▶ What is expected
Would you transcribe the whole listing exactly and drop its images?

▶ Source data
______

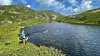 Midtpunkt: Tjønna på nedsida av Hestenutan er Telemarks midtpunkt, ifylgje Statens kartverk. Her nyttar nokon i turlagsfylgjet høvet til ein dukkert på veg til fjellnuten.
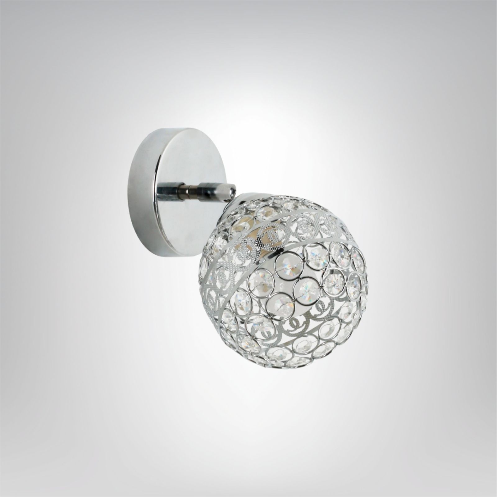 Kinkiet Riwana to wyjątkowo elegancka i efektowna propozycja dla miłośników dekoracyjnego oświetlenia. Jego kulisty klosz wykonany jest z metalowej siatki bogato zdobionej połyskującymi kryształkami, które pięknie rozpraszają światło, tworząc na ścianach efekt błyszczących refleksów. Chromowana podstawa dodaje całości luksusowego charakteru, dzięki czemu kinkiet świetnie sprawdzi się w salonie, sypialni, przedpokoju czy stylowej toaletce.
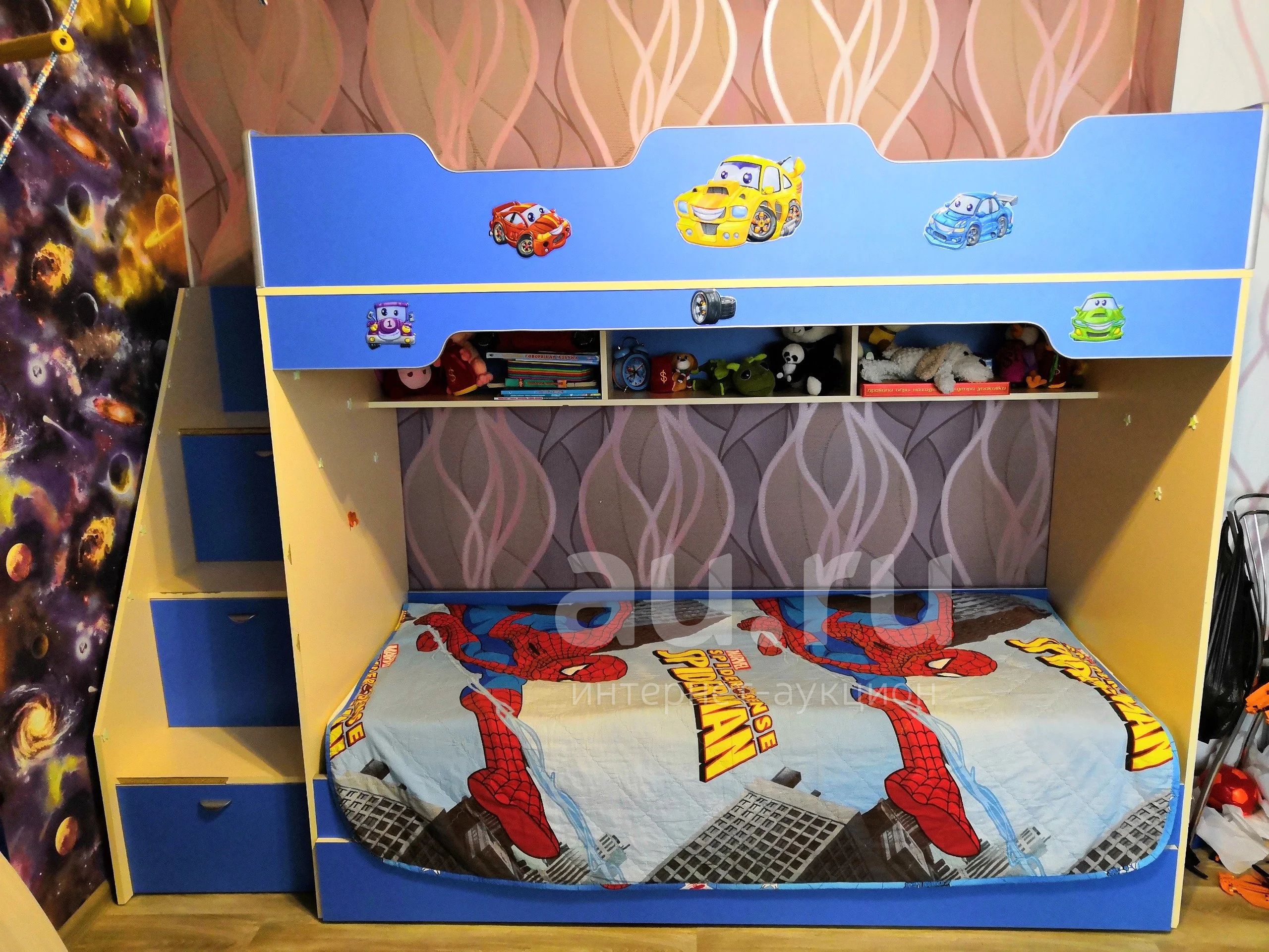 2-ярусная кровать с лестницей (в лестнице 3 выдвижных ящика, над нижней кроватью 3 полки, по кроватью выдвижной ящик. Два матраса продам вместе с кроватью. Шкаф для одежды: антресоль с двумя полками, внизу два выдвижных ящика, основной шкаф из двух половин - одна половина со штангой для плечиков, вторая половина с 4-мя полками. Стол письменный. Стеллаж: 3 открытые полки и 2 закрытые полки. Мебель б/у, кое-где есть сколы, но общий вид довольно приличный. Продаём, т.к. дети выросли, полностью меняем мебель в комнате.
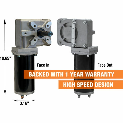 Buyers Products Tarp Gear Motors work with most Buyers Products Tarp Systems. They are availble with a 900 W/1.2 HP and come with a standard 1 year warranty. These 12V motors have a bronze alloy gear for extended life and have a 3-1/8 inch by 3/4 inch output shaft. The 5 mounting holes fit all 3-bolt or 4-bolt configurations. .

______

▶ Output of the task
 Midtpunkt: Tjønna på nedsida av Hestenutan er Telemarks midtpunkt, ifylgje Statens kartverk. Her nyttar nokon i turlagsfylgjet høvet til ein dukkert på veg til fjellnuten.
 Kinkiet Riwana to wyjątkowo elegancka i efektowna propozycja dla miłośników dekoracyjnego oświetlenia. Jego kulisty klosz wykonany jest z metalowej siatki bogato zdobionej połyskującymi kryształkami, które pięknie rozpraszają światło, tworząc na ścianach efekt błyszczących refleksów. Chromowana podstawa dodaje całości luksusowego charakteru, dzięki czemu kinkiet świetnie sprawdzi się w salonie, sypialni, przedpokoju czy stylowej toaletce.
 2-ярусная кровать с лестницей (в лестнице 3 выдвижных ящика, над нижней кроватью 3 полки, по кроватью выдвижной ящик. Два матраса продам вместе с кроватью. Шкаф для одежды: антресоль с двумя полками, внизу два выдвижных ящика, основной шкаф из двух половин - одна половина со штангой для плечиков, вторая половина с 4-мя полками. Стол письменный. Стеллаж: 3 открытые полки и 2 закрытые полки. Мебель б/у, кое-где есть сколы, но общий вид довольно приличный. Продаём, т.к. дети выросли, полностью меняем мебель в комнате.
 Buyers Products Tarp Gear Motors work with most Buyers Products Tarp Systems. They are availble with a 900 W/1.2 HP and come with a standard 1 year warranty. These 12V motors have a bronze alloy gear for extended life and have a 3-1/8 inch by 3/4 inch output shaft. The 5 mounting holes fit all 3-bolt or 4-bolt configurations. .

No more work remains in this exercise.